Cigarette
smoke (CS), which increases
inflammation and oxidative stress, is a major risk factor for the development of
COPD. In this study, we investigated the effects of
silymarin, a polyphenolic
flavonoid isolated from the seeds and fruits of milk thistle, on CS-induced airway
inflammation and oxidative stress in mice and the possible mechanisms. BALB/c mice were exposed to CS for 2 h twice daily, 6 days per week for 4 weeks.

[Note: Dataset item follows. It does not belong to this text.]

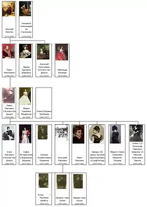 | Василий (1769—1861) | Григорий (1765—1827) | Алексей (1771 — до 1841) | Павел (1798—1840) | Анатолий, кн. Сан-Донато (1812—1870) | Николай (1773—1833) | ||||||||||||||||||||||||||||||||||||||||||||||||||||||||||||||||||||||||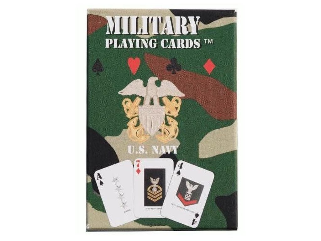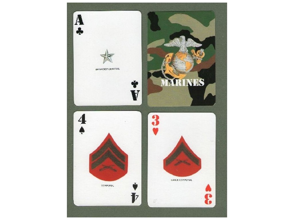 Herní žolíkové karty s vojenskou tématikou, v armádním styluKarty tvoří obrázky hodnostního označení výšivkového i odznakového typu, čím vyšší karta, tím vyšší honost. Vrchní část je kamuflážní - maskáčová.

Silymarin (25, 50 mg/kg·day) was administered intraperitoneally 1 h before CS exposure. Bronchoalveolar lavage fluid (BALF) was acquired for cell counting and the detection of pro-inflammatory
cytokine levels. Lung tissue was collected for histological examination,
myeloperoxidase (MPO) activity assay,
superoxide dismutase (SOD) activities, and
malondialdehyde (MDA) levels. The phosphorylation of ERK and p38 was evaluated by Western blotting. Pretreatment with
silymarin significantly attenuated CS-induced thickening of the airway epithelium, peribronchial inflammatory cell infiltration, and lumen obstruction. The numbers of total cells, macrophages, and neutrophils, along with the MPO activity (a marker of neutrophil accumulation) in BALF, were remarkably decreased by
silymarin in CS-exposed mice (all p<0.05). In addition,
silymarin pretreatment dampened the secretion of TNF-α, IL-1β, and
IL-8 in BALF. High-dose
silymarin (50 mg/kg·day) administration also prevented CS-induced elevation in MDA levels and decrease in SOD activities (p<0.05). Furthermore, the CS-induced phosphorylation of ERK and p38 was also attenuated by
silymarin (p<0.05). These results suggest that
silymarin attenuated
inflammation and oxidative stress induced by cigarette
smoke. The anti-inflammatory effect might partly act through the
mitogen-activated protein kinases (MAPK) pathway.